← ALL POSTS
Machine LearningScikit-learnPythonData ScienceModels

Essential Machine Learning Models: A Practical Cheat Sheet

The models that cover 90% of real ML problems — what each one does, when to reach for it, and enough code to get started immediately.

April 3, 20265 min read

Most ML problems do not require exotic architectures. They require knowing which model to reach for and why. This is that reference.


Linear Regression & Logistic Regression

Linear regression predicts a continuous value by fitting a weighted sum of input features. Logistic regression does the same thing, but wraps the output in a sigmoid to produce a probability — making it a classifier despite the name.
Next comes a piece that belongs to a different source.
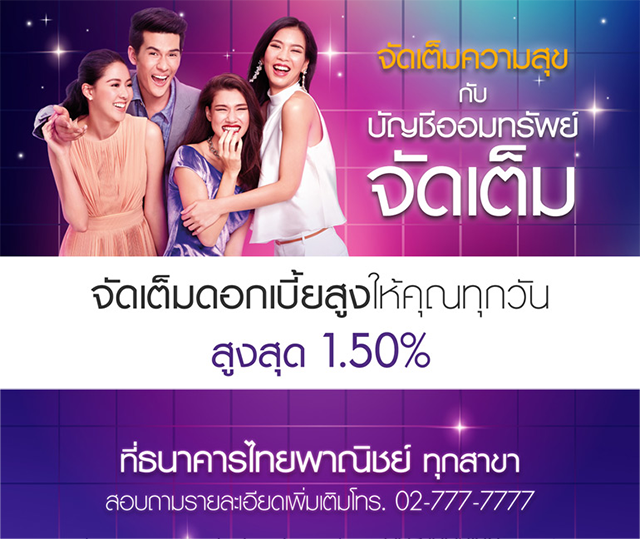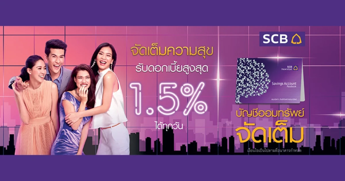 จัดเต็มความสุข กับบัญชีออมทรัพย์จัดเต็มจากธนาคารไทยพาณิชย์ จัดเต็มดอกเบี้ยสูงให้ทุกวัน สูงสุด 1.50% จัดเต็มสภาพคล่อง ฝากถอนได้ตามใจ

from sklearn.linear_model import LinearRegression, LogisticRegression

reg = LinearRegression().fit(X_train, y_train)
clf = LogisticRegression().fit(X_train, y_train)
print(reg.predict(X_test), clf.predict_proba(X_test))

Use when: you want a fast baseline, interpretability matters, or the relationship between features and target is roughly linear. Logistic regression is often embarrassingly competitive on tabular data — try it before anything else.
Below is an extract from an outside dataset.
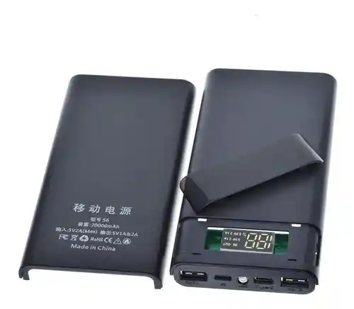 *** BATERIAS LIPO NO INCLUIDAS*** Hecho de material de primera calidad, es resistente al desgaste y duradero. Pantalla digital LCD, fácil de monitorear la capacidad del banco de baterías en tiempo real, el voltaje y la corriente en tiempo real. Se puede instalar 6 18650 batería de litio. Diseño de bricolaje, fácil y cómodo de usar. Proporciona un largo tiempo de servicio. El diseño liviano es muy fácil de transportar. Perfecto para uso en viajes al aire libre. Caja de almacenamiento de batería normal Especificaciones: Entrada: 5V 2A Salida: 5V 2A Capacidad: 20000 mAh Puerto: 2x USB, 1x Tipo C, 1x Micro USB Batería: 6x 18650 (no incluida) Material: plástico y cuero. Certificación: FCP / SFCP / AFC / MTK / BC1.2 color negro LA COMPRA INCLUYE: 1 x POWERBANK PARA 6 BATERIAS LIPO 18650 *** BATERIAS LIPO NO INCLUIDAS***

Decision Tree & Random Forest

A decision tree splits the feature space into regions using threshold rules, creating a human-readable flowchart of decisions. A random forest trains hundreds of trees on random subsets of data and features, then averages their predictions — which kills variance and makes them much harder to overfit.

from sklearn.ensemble import RandomForestClassifier

clf = RandomForestClassifier(n_estimators=100, random_state=42)
clf.fit(X_train, y_train)
print(clf.feature_importances_)

Use when: you have tabular data with nonlinear relationships, you need feature importance scores, or you want good out-of-the-box performance with minimal tuning. A random forest is the second baseline to try after logistic regression.
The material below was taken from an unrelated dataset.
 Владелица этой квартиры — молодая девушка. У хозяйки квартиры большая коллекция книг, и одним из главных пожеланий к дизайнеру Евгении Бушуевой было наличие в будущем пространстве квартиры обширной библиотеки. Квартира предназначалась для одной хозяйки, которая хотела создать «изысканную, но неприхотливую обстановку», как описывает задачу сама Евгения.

Support Vector Machine (SVM)

SVM finds the hyperplane that maximizes the margin between classes. With the kernel trick, it can separate data that is not linearly separable by implicitly mapping it into a higher-dimensional space — without computing those dimensions explicitly.

from sklearn.svm import SVC

clf = SVC(kernel="rbf", C=1.0, probability=True)
clf.fit(X_train, y_train)
print(clf.predict(X_test))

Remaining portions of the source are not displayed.